= Ecovention =

Ecovention was a term invented by Amy Lipton and Sue Spaid in 1999 to refer to an ecological art intervention in environmental degradation. The Ecovention movement in art is associated with land art, earthworks, and environmental art, and landscape architecture, but remains its own distinct category. Many ecoventions bear tendencies similar to public works projects such as sewage and waste-water treatment plants, public gardens, landfills, mines, and sustainable building projects.

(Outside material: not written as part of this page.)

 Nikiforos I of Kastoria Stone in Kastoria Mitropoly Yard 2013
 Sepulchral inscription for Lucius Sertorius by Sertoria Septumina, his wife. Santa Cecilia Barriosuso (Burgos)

The term 'Ecovention' appears by the composition of the terms 'ecology' and 'innovation' or 'intervention'. The intention was to concrete a kind of art that alludes to the interventions that artists were made in degraded natural territories, pretending to generate a public consciousness, showing the existence of solutions. The fact of restoring make the artists enter in a collaboration process with the nature in a social way. They help to generate a new paradigm teaching how art could help the society not only in a social or political criticism, but getting directly involved in the world. They are responsible for extending the various environmental principles and practices to the community.

Artists will focus on various aspects like: biological, cultural, political or historical. At the same time, different professionals work that are fundamental; architects, botanists, zoologists, engineers, ecologists... all based on the imaginative idea of an artist 4.
Activism, the re-evaluation of territories, the study of diversity and the recovery of spaces will be some of its main characteristics. To carry them out, they use new techniques in order to transform that local ecology in order to reestablish natural resources and stabilize environments. His works have as a common goal to motivate the viewer to visit these spaces generating awareness and in turn encourage more interventions.

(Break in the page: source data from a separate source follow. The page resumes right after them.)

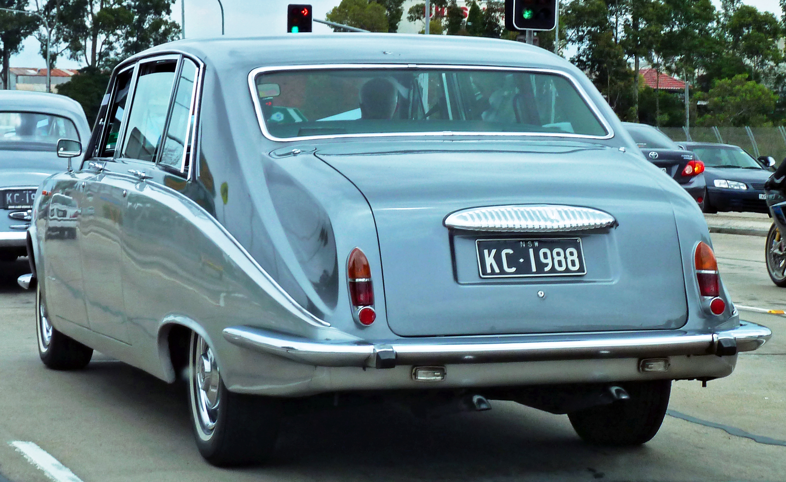 1981 Daimler DS420 sedan. Photographed in Padstow, New South Wales, Australia.
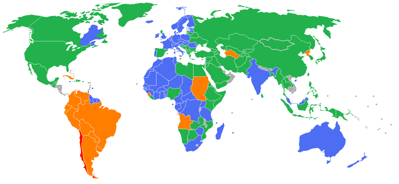 Shows how long it takes for typical students in various countries to get a Bachelor of Science. Three years Four years Five years Six years
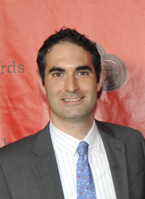 PHOTO CREDIT: ANDERS KRUSBERG / PEABODY AWARDS Connor Schell. Bill Simmons and John Dahl 70th Annual Peabody Awards Luncheon Waldorf=Astoria Hotel May 23, 2011
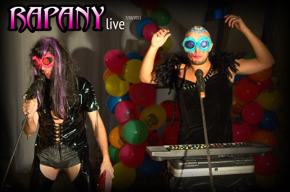 Концерт гурту "Рапани" на обувній фабриці Terra Futura X 2011
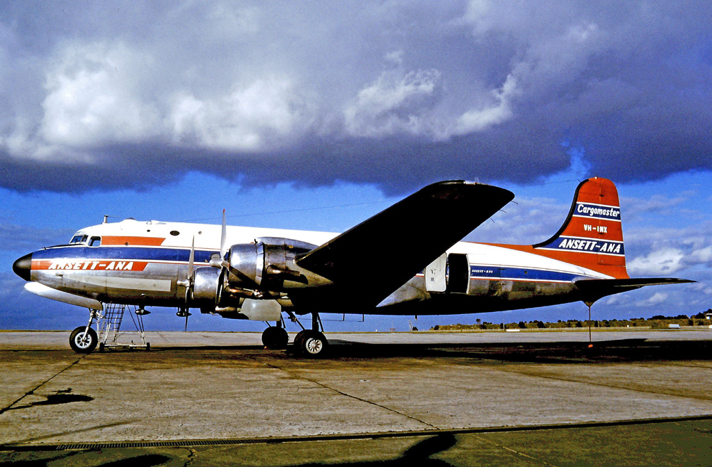 Douglas C-54B (DC-4) Skymaster of Ansett-ANA at Melbourne Essendon airport in 1970
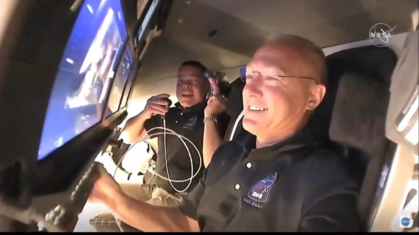 During a brief transmission on the YouTube Channel of NASA, astronauts Douglas G. Hurley and Robert L. Behnken explained about Trimmer, a dinosaur from their children.
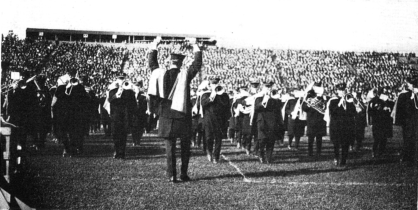 Photograph of Michigan Marching Band, performing the opening bars of the "Yellow and Blue" between halves of the Michigan-Chicago game in 1920

Artists associated with ecovention include: Joseph Beuys, Mel Chin, Agnes Denes, Helen and Newton Harrison, Ocean Earth, Robert Smithson, Alan Sonfist, and Mierle Laderman Ukeles, among others.

==Exhibitions==
Ecovention is also the title of a 2002 exhibition at the Cincinnati Contemporary Arts Center in Ohio, and the title of exhibition catalog, joint published with the Greenmuseum. It was considered the definitive text on ecological art for several years and the only text available for teaching the topic at the college and University level.

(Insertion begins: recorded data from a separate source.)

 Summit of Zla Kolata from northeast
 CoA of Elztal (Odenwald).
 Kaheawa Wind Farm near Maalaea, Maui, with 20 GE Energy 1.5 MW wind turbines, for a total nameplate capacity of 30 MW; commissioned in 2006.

Other major exhibitions apart from the CAC's "Ecovention" exhibition include: "Earth Art" (1969) at Cornell University, "Elements of Art: Earth, Air and Fire" (1971) at Boston's Museum of Fine Arts, "Earthworks: Land Reclamation as Sculpture" (1979) at the Seattle Art Museum, and "Fragile Ecologies" (1992) curated by Barbara Matilsky at the Queens Museum of Art.

There is a new exhibition, Ecovention Europe, planned to open in the Fall of 2017. The show is also curated by Sue Spaid, and will feature a new text furthering the conversation around what an "Ecovention" is. The show will be held at the Museum De Domijnen in Sittard, Netherlands.